When last I reported, Mom had fallen and broken her left hip. Surgery fixed her up, and she was recovering in the hospital, then she was moved into a rehabilitation facility. Fortunately, the place commonly cares for Alzheimer’s patients.
Well, this is Week Two for her to be in the rehab center. The obvious question is: “How’s she doing?”
The answer is not so obvious. She is still very confused. Any conversation with her is an attempt to make sense of what she says. That does not mean she doesn’t know who I am, nor that she doesn’t know she isn’t home, but her thoughts are not joined together in any coherent way. She complains about the place a little, but not a lot. She isn’t crazy about the food, and I do wish she would eat more. She does not like the lady physical therapist, but really likes the “nice young boy.” I noticed the first small signs of depression when she said that she wondered if she would ever walk again.
Physically, she seems to be doing okay. They keep her in diapers because she cannot get out of bed by herself and she forgets to use the call button.
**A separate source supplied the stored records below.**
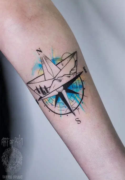 татуировка женская графика на предплечье роза ветров и бумажный кораблик 1737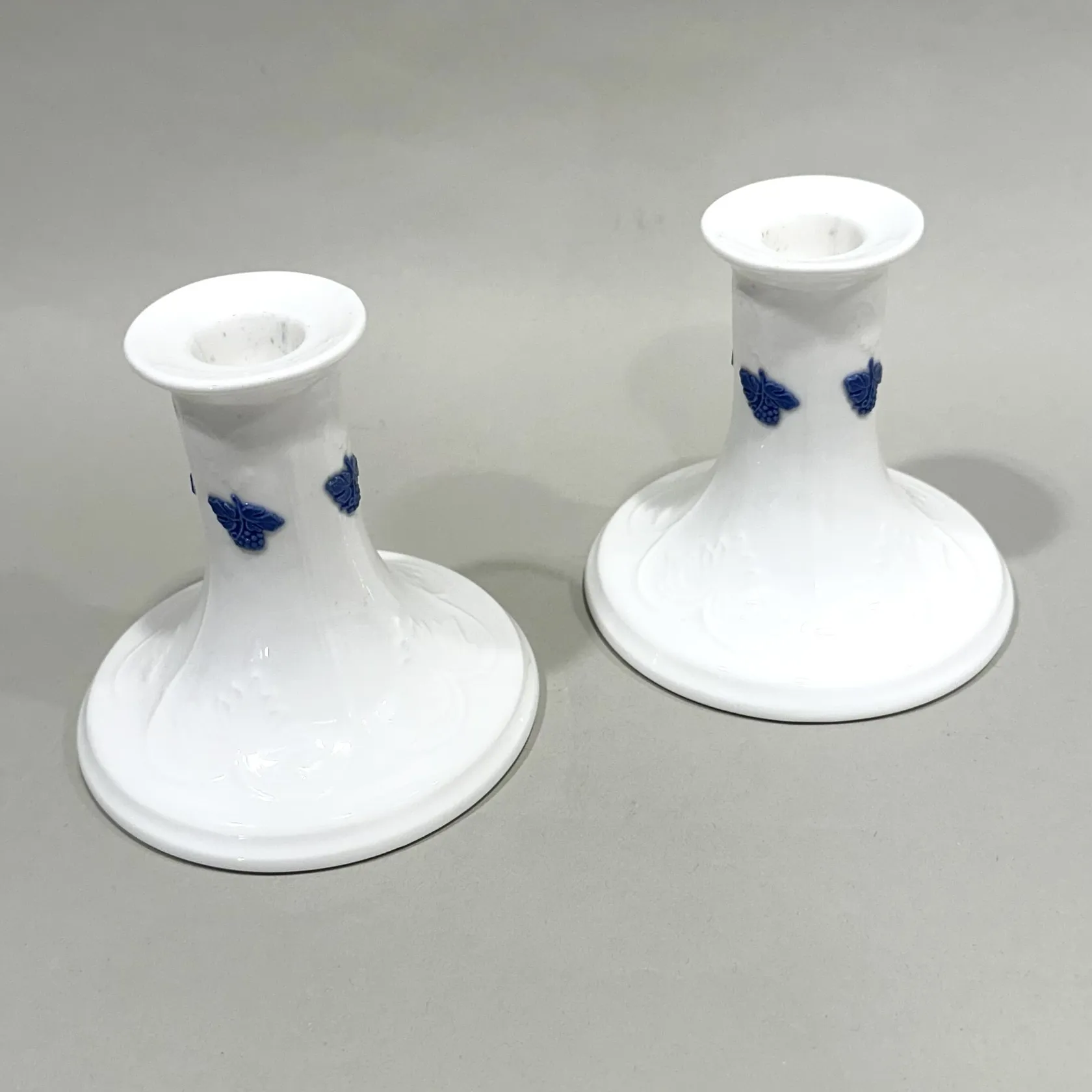 Ett par ljusstakar, Blå Blom, Old Gustavsberg, höjd 10cm, benporslin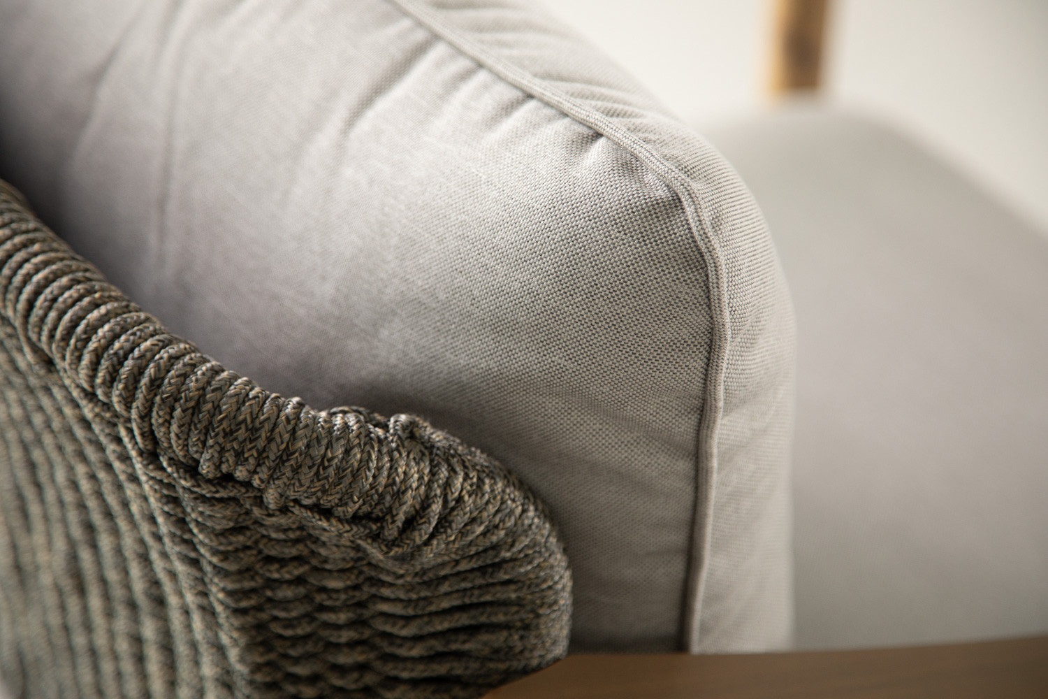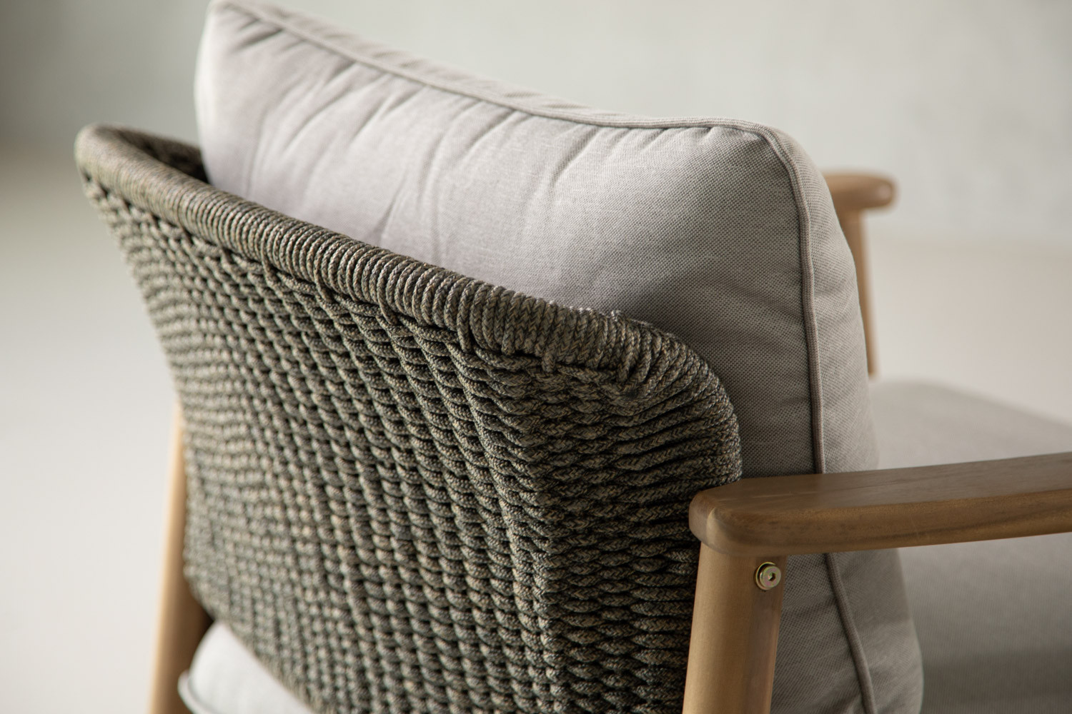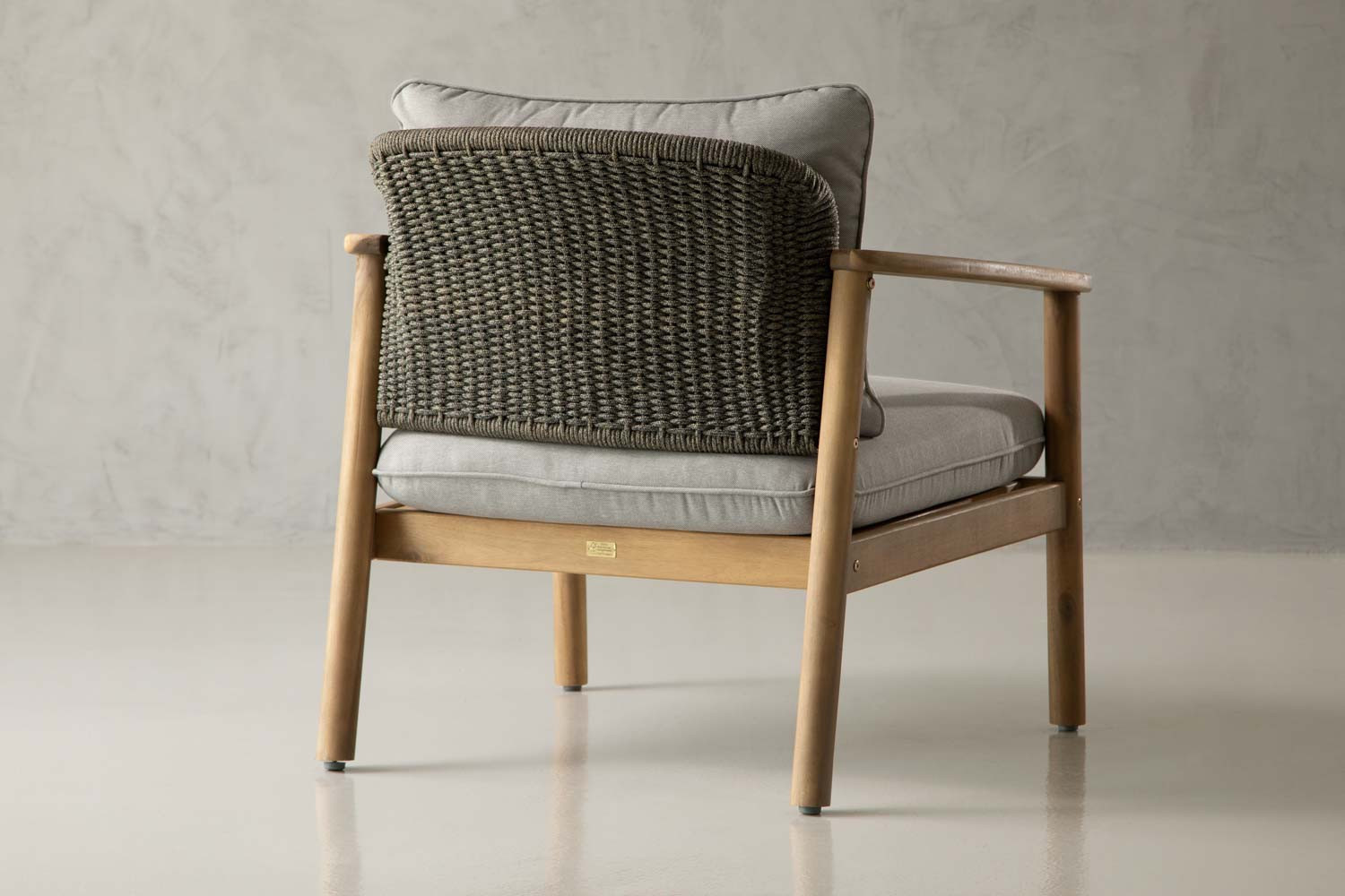 Made from Acacia wood, the frame is naturally robust for regular use, while the generously padded seat and back cushion invite you to settle in and stay awhile. The woven back detailing adds depth and a tactile contrast that feels curated. Style it as a pair on a veranda or anchor your reading nook in style.

She has no pain, but of course, her body has deteriorated somewhat from inactivity and laying in bed. She gets physical therapy every day except on weekends. They work her hard, too.
I thought this photo of her reading the art work from some of her great-grand kids would tell you something about her.
I asked her to smile when I took the picture, but before that, she had opened the envelope and I asked her what it was. Her reply was “just stuff.”, then she started to put it back into the envelope. I don’t think she was able to link the contents of package with the pictures of her great-grand kids that is on the wall in her room. Once I made that connection for her, then she took interest in the art work.
Do not interpret what I just wrote to mean that she does not enjoy mail – she does, and does very much. In this instance, it was her inability to link unusual mail with people she knows and loves. Regular letters are recognizable to her so she is able to connect a letter with a person, and she talked for some time about letters from two of her friends in Florida.
I will end with a story to illustrate her mental state. A few days ago, she told me that “the man” had her walk to the nurse’s station and back three times. I’m thinking that this is excellent progress in using her walker – the nurse’s station is about four rooms away. However, there is a different real story. I was talking with my friend Michele, a lady at church we’ve known since we came to South Texas. Michele is wheelchair bound herself, and was visiting a friend across the hall from Mom’s room. Yes, Mom went to the nursing station and back three times - - - but she did it in a wheelchair accompanied by Michele.
But she still tells me I am a good boy, so I’m happy.